TASK OBJECTIVE:
The response should be an exact transcription of the data below, free of images.

INFORMATION SUPPLIED:
⁂

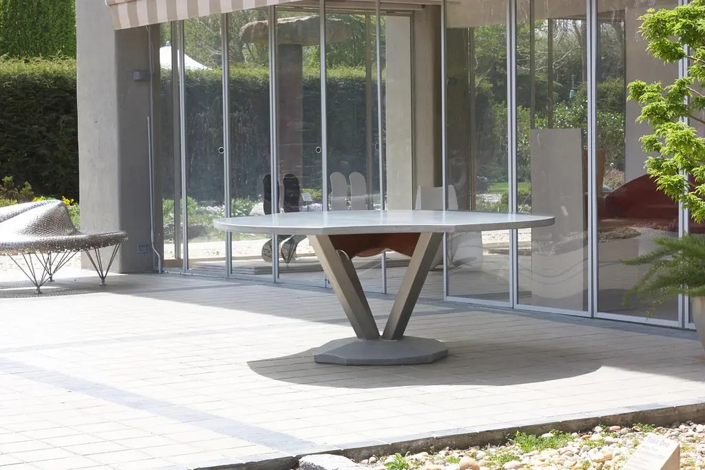 Outdoor Concrete Dining Table With Organic Top By Nico Yektai
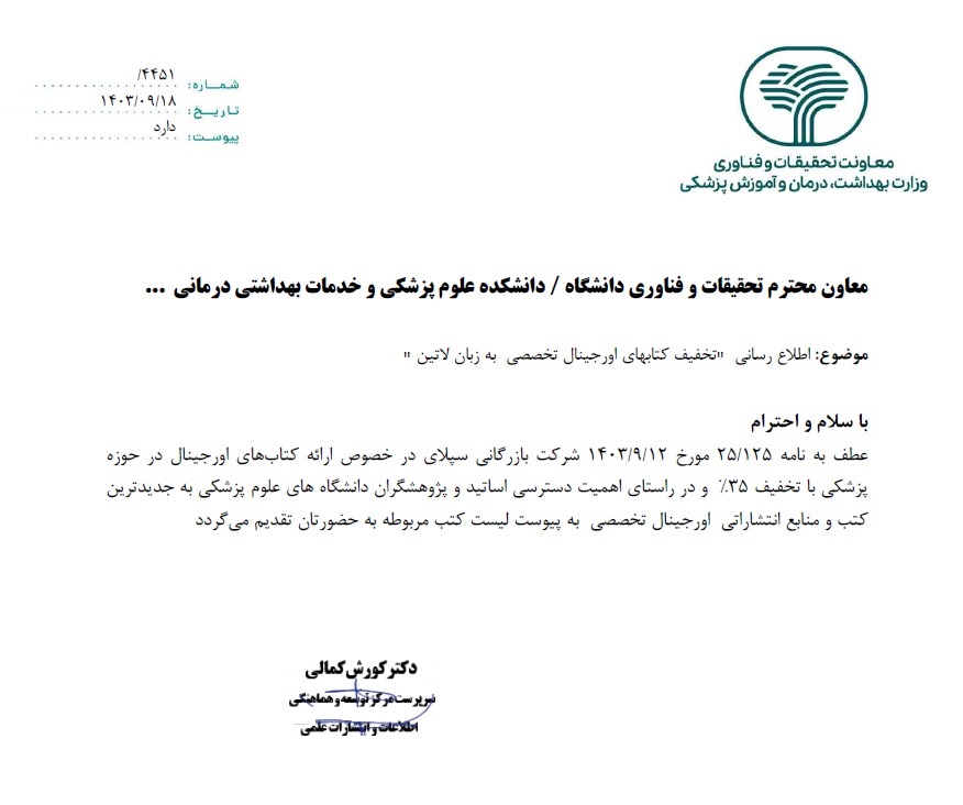 به اطلاع علاقمندان میرساند شرکت بازرگانی سپلای ارائه کتابهای اورجینال تخصصی در حوزه پزشکی را با تخفیف 35 درصدی اعمال کرده است.
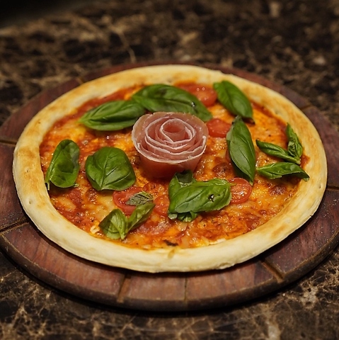 上質な生ハムの旨みと、ルッコラのほろ苦い香りが絶妙に調和。焼き立て生地の香ばしさと、とろけるチーズが包み込み、ワインとも相性抜群の大人の一枚です。生ハムを贅沢にトッピング!美しく、写真映えも抜群です。

⁂

OUTPUT BELOW:
 Outdoor Concrete Dining Table With Organic Top By Nico Yektai
 به اطلاع علاقمندان میرساند شرکت بازرگانی سپلای ارائه کتابهای اورجینال تخصصی در حوزه پزشکی را با تخفیف 35 درصدی اعمال کرده است.
 上質な生ハムの旨みと、ルッコラのほろ苦い香りが絶妙に調和。焼き立て生地の香ばしさと、とろけるチーズが包み込み、ワインとも相性抜群の大人の一枚です。生ハムを贅沢にトッピング!美しく、写真映えも抜群です。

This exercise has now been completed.